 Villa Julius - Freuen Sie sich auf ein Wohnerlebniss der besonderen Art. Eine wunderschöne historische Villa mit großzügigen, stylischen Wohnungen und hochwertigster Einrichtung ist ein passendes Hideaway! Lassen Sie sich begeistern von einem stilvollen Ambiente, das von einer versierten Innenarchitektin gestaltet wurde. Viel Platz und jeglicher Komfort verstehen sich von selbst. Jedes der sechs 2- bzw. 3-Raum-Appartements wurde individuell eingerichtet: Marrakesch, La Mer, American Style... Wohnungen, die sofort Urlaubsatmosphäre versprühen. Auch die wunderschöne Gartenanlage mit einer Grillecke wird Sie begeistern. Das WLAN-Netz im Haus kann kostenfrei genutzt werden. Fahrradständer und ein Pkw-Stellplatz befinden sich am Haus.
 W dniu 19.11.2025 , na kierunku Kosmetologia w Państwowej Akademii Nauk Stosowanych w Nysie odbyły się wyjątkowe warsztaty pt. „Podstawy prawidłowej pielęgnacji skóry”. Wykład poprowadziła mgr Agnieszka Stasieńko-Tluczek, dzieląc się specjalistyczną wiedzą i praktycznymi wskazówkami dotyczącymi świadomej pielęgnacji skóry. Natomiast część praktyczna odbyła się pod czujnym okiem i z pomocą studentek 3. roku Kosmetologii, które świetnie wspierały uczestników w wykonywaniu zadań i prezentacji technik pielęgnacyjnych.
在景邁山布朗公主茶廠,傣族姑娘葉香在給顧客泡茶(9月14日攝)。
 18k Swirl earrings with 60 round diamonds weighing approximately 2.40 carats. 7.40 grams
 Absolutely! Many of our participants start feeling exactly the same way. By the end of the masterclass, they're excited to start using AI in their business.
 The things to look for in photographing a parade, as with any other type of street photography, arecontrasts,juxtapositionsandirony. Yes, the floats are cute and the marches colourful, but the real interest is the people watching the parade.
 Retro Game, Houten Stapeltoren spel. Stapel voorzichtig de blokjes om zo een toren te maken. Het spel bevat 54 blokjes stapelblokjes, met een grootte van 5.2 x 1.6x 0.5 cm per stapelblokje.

+-------+

__Problem requirements__
The answer must be the line containing "W dniu 19.11.2025" and every line after it to the end of the data, exactly as written.

__Response for this exercise__
 W dniu 19.11.2025 , na kierunku Kosmetologia w Państwowej Akademii Nauk Stosowanych w Nysie odbyły się wyjątkowe warsztaty pt. „Podstawy prawidłowej pielęgnacji skóry”. Wykład poprowadziła mgr Agnieszka Stasieńko-Tluczek, dzieląc się specjalistyczną wiedzą i praktycznymi wskazówkami dotyczącymi świadomej pielęgnacji skóry. Natomiast część praktyczna odbyła się pod czujnym okiem i z pomocą studentek 3. roku Kosmetologii, które świetnie wspierały uczestników w wykonywaniu zadań i prezentacji technik pielęgnacyjnych.
在景邁山布朗公主茶廠,傣族姑娘葉香在給顧客泡茶(9月14日攝)。
 18k Swirl earrings with 60 round diamonds weighing approximately 2.40 carats. 7.40 grams
 Absolutely! Many of our participants start feeling exactly the same way. By the end of the masterclass, they're excited to start using AI in their business.
 The things to look for in photographing a parade, as with any other type of street photography, arecontrasts,juxtapositionsandirony. Yes, the floats are cute and the marches colourful, but the real interest is the people watching the parade.
 Retro Game, Houten Stapeltoren spel. Stapel voorzichtig de blokjes om zo een toren te maken. Het spel bevat 54 blokjes stapelblokjes, met een grootte van 5.2 x 1.6x 0.5 cm per stapelblokje.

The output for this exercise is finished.